Selection effects: The study population was inherently skewed by the self-selection of participants who actively chose to donate to charity, potentially introducing systematic bias. These individuals may possess distinct psychological, socioeconomic, or demographic characteristics that differentiate them from the general population, such as higher levels of empathy, greater financial security, or stronger prosocial tendencies.
Number preference bias: In cultures using base-10 counting systems, people tend to round to numbers ending in 0 or 5, an effect also known as "terminal digit preference." The organisers' choice of 110 and 120 as correct answers may have played into this bias. As multiples of 10, those answers were more likely to be guessed than numbers like 113 or 118.
Temporal effects: The data was collected over a short time period and participants might have been experiencing workday-related cognitive load effects (such as a postprandial decrease in cognitive performance, also known as a '“post-lunch dip”).
Environmental and settlement effects: While all estimates were made under consistent lighting conditions, the jar's circulation likely caused compaction through movement, potentially affecting volume assessments over time.

Hypothesis Testing

In terms of the results, here is a table showing the guesses for each jar from largest to smallest, and their distance from the true value:

*Table: Distance of guesses from true value*

And here are those same results plotted on a bar chart where 0 = the true value, and the x-axis is the distance from the true value:

For Jar A, guesses ranged from 200 (90 sweets too high) to 69 (41 sweets too low). For Jar B, guesses ranged from 204 (84 sweets too high) to 65 (55 sweets too low). The spread of guesses was slightly larger for Jar B, likely reflecting the larger sample size, (range of 139 sweets) compared to Jar A (range of 131 sweets).

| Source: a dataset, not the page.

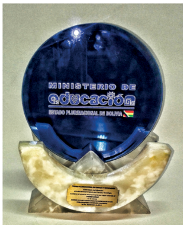
El premio obtenido.

El tercer resultado presenta algunas de las técnicas aplicadas en el proyecto Incallajta, a metales procedentes de excavaciones en el sitio (anillo con lazos y cuentas y una aguja), que han sido sometidos a diversos análisis, incluyendo el Microscopio Electrónico de Barrido y el acelerador

Despite the broad spread of guesses, in the case of each jar, several participants guessed quite close to the true value and one participant guessed the exact correct number.

Turning then to the collective measures. A very quick analysis immediately demonstrates that a measure of average of all the prior guesses was a very good estimate of the true value. For Jar A, where the true value was 110:

Arithmetic mean of 113 overestimated by ~3 sweets or 2.39% error.
Median of 105 underestimated by ~6 sweets or 5.00% error.
Trimmed mean (x̄10%) of 111 marginally overestimated by just ~1 sweet or 0.58% error and was closest to true value. (A “trimmed” mean is where the tails of a distribution of estimates are trimmed and then the arithmetic mean is calculated from the truncated distribution)

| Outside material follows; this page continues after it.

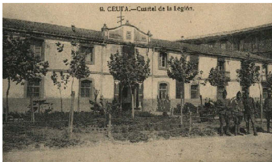
Fachada Cuartel del Rey

No dejamos de reconocer que la historia nos obliga a ello. Somos ciudadanos de esta Noble, Leal y Fidelísima Ciudad de Ceuta, y en ella, y más concretamente en el Cuartel del Rey, fue donde se alistó el primer Caballero Legionario y por tanto donde se fundó La Legión. Ninguna otra ciudad es más significativa para La Legión que Ceuta, y es en ella donde tenemos que conmemorarlo con nuestra Exposición.

For Jar B, where the true value was 120:

Arithmetic mean of 124 overestimated by ~4 sweets or 3.33% error.
Trimmed mean (x̄10%) of 122 overestimated by ~2 sweets or 1.78% error.
Median was almost spot on 120 sweets or 0.42% error.

By contrast, on average, any individual guess was significantly further away from the true value.

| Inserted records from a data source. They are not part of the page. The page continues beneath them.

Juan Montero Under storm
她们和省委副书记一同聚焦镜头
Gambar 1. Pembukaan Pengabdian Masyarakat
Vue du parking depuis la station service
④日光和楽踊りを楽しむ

This can be demonstrated using two statistical measures. Firstly, the mean absolute error (MAE), stated in the same units as the original data (number of sweets), calculates the number of sweets that individual guesses missed the true value by on average. For Jar A, MAE was 23.3. This means that, on average, guesses were off by ~23 sweets. For Jar B, MAE was 30.2, meaning on average, guesses were off by about ~30 sweets. Second, the root mean square error (RMSE), similar to the MAE but which penalises large errors more heavily due to squaring.

To compare the two measures MAE asks: "how far off were people usually?" and RMSE asks: "how far off were people, especially counting those who were really far off?" For Jar A, RMSE was ~32 sweets. For Jar B, RMSE was ~37 sweets. When RMSE is notably larger than MAE (as it is here), it indicates there are some large outliers.

There we have it. We have illustrated that the results strongly support the wisdom of crowds hypothesis. All collective measures (mean, median, trimmed mean) significantly outperformed average individual estimates for both our samples.

Collective measures showed remarkably low error rates (0.42%-5.00%)
Individual guesses demonstrated high variability (MAE: 23-30 sweets)
Higher RMSE values indicate presence of significant outliers and the trimmed mean performed particularly well, suggesting value in outlier removal.

Correcting Systemic Biases

Inevitably, the question remained: how can I leverage these findings to win the next office sweet jar contest? Would using a measure of central tendency be sufficient to guarantee an ultimate statistical victory?

For my two jars, the trimmed mean performed well, but it is not clear how well this performance generalises to other contexts and whether it represents an optimal aggregation strategy. Although these measures of central tendency empirically demonstrate accuracy in the case of our jars, they do not to address directly the biases that are likely to be the root cause of the margin of error.

For instance, in real-world contexts, it is more common for individuals to share information with, and influence, one another. Indeed, as observed above, it is quite possible that there was some information leakage in our rudimentary test. In such cases, it is likely that the individual estimates used to calculate a collective estimate will be correlated to some degree. Social influence cannot only shrink the distribution of estimates but may also systematically shift the distribution, depending on the rules that individuals follow when updating their personal estimate in response to available social information.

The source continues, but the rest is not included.